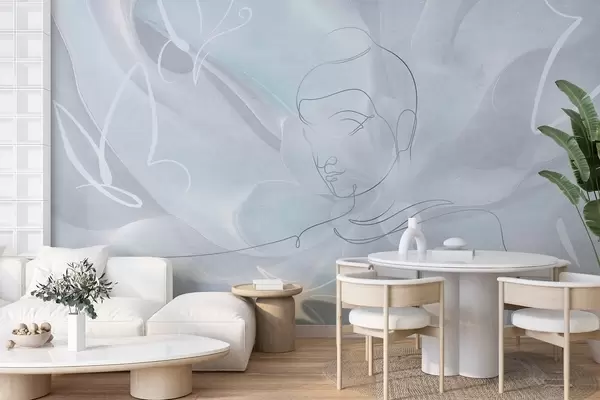Fototapeter Blomsterabstraksjon med Buddha-strektegning, blå farger Nr. w04004v1
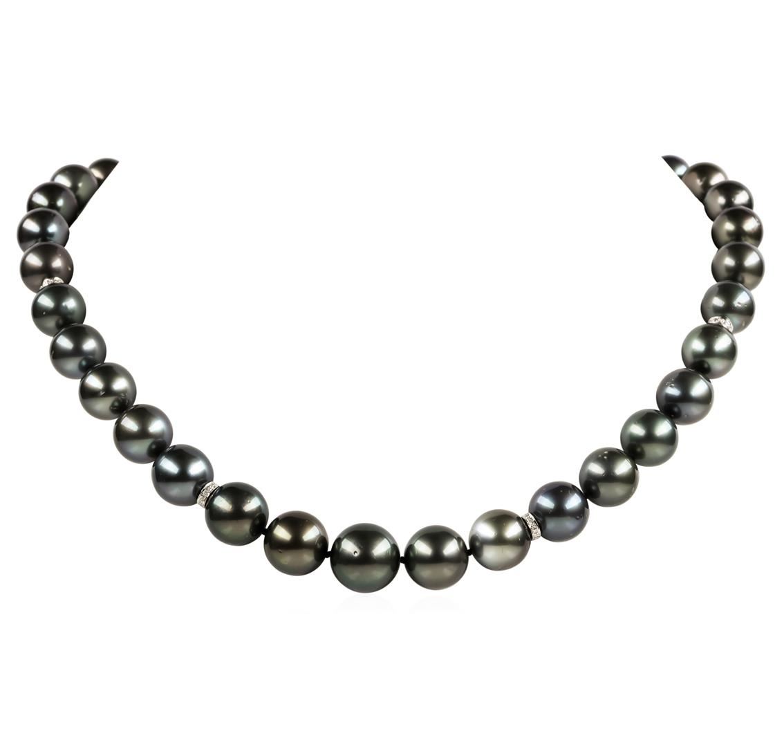 One graduated single strand pearl necklace 19.0' princess length, knotted with a tongue clasp & foldover safety containing 35 Tahitian pearls, 14.7mm to 11.0mm in size. The pearls are black in color, green overtone with a good luster, round to near round, and lightly blemished with very good matching. The featured pearl necklace has 14KT white gold clasp and rondels. Graded on the strand.Tahitian cultured pearls form in the Pinctada Margaritifera oysters. This species is native to the central and South Pacific Ocean but is generally raised in lagoons by pearl farmers. Tahitian cultured pearls take between two to four years to form. Seventy-Six prong set single cut diamonds, measuring 1.10 - 1.00 x 0.65mm (depth est.) approximate total weight of 76 Stones = 0.33ct. Graded in the setting. Color G - H Clarity SI-1 to I-1 Cut Good. Total Weight of Diamonds 0.33ct.. Total Weight of 94.50gm GAS Appraised at $21,070.00.
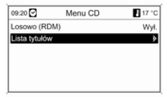 Wybieranie utworu na płycie Audio CD: wybrać pozycję Lista tytułów, a następnie wybrać żądany utwór.
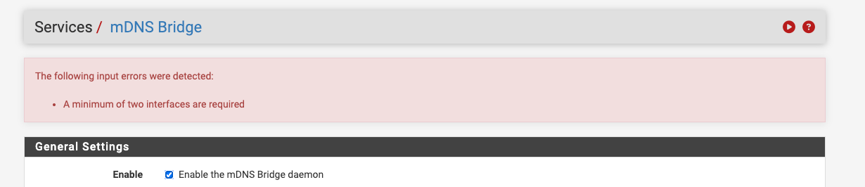 - Subject changed from PHP Fatal Error (TypeError) in mdns-bridge.php:74 on 25.11-SNAPSHOT when disabling service to PHP error when saving without interfaces selected interfaces
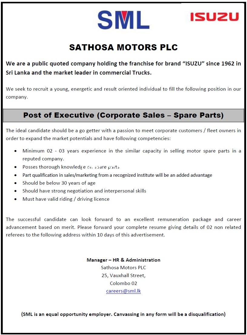 - HND / B.Sc in Marketing, Business Administration, or related discipline with 1–3 years of sales experience in the automobile (two-wheeler or three-wheeler) industry.
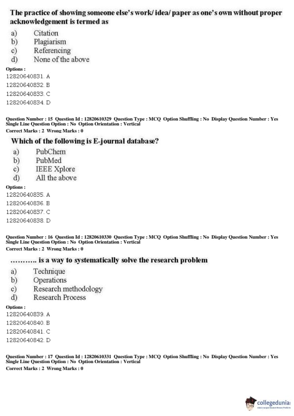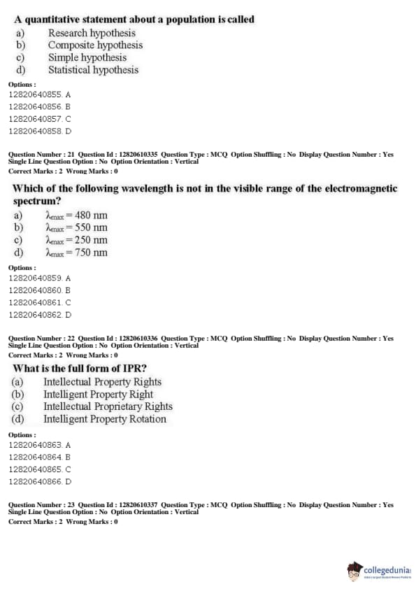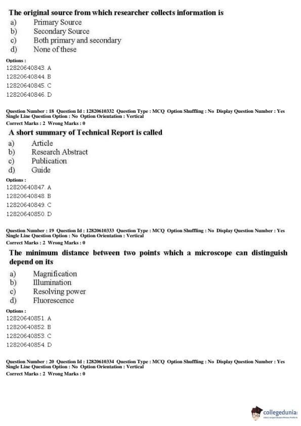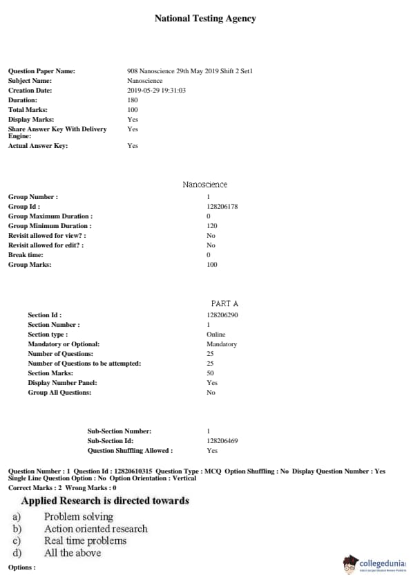 JNUEE 2019 Ph.D Nanoscience Question Paper with Answer Key PDFs Shift 2

--------------------------------------------------

**Directions**
Setting the pictures aside, return exactly the lines from the line with "One graduated single" through the last line of the listing above.

**Response**
 One graduated single strand pearl necklace 19.0' princess length, knotted with a tongue clasp & foldover safety containing 35 Tahitian pearls, 14.7mm to 11.0mm in size. The pearls are black in color, green overtone with a good luster, round to near round, and lightly blemished with very good matching. The featured pearl necklace has 14KT white gold clasp and rondels. Graded on the strand.Tahitian cultured pearls form in the Pinctada Margaritifera oysters. This species is native to the central and South Pacific Ocean but is generally raised in lagoons by pearl farmers. Tahitian cultured pearls take between two to four years to form. Seventy-Six prong set single cut diamonds, measuring 1.10 - 1.00 x 0.65mm (depth est.) approximate total weight of 76 Stones = 0.33ct. Graded in the setting. Color G - H Clarity SI-1 to I-1 Cut Good. Total Weight of Diamonds 0.33ct.. Total Weight of 94.50gm GAS Appraised at $21,070.00.
 Wybieranie utworu na płycie Audio CD: wybrać pozycję Lista tytułów, a następnie wybrać żądany utwór.
 - Subject changed from PHP Fatal Error (TypeError) in mdns-bridge.php:74 on 25.11-SNAPSHOT when disabling service to PHP error when saving without interfaces selected interfaces
 - HND / B.Sc in Marketing, Business Administration, or related discipline with 1–3 years of sales experience in the automobile (two-wheeler or three-wheeler) industry.
 JNUEE 2019 Ph.D Nanoscience Question Paper with Answer Key PDFs Shift 2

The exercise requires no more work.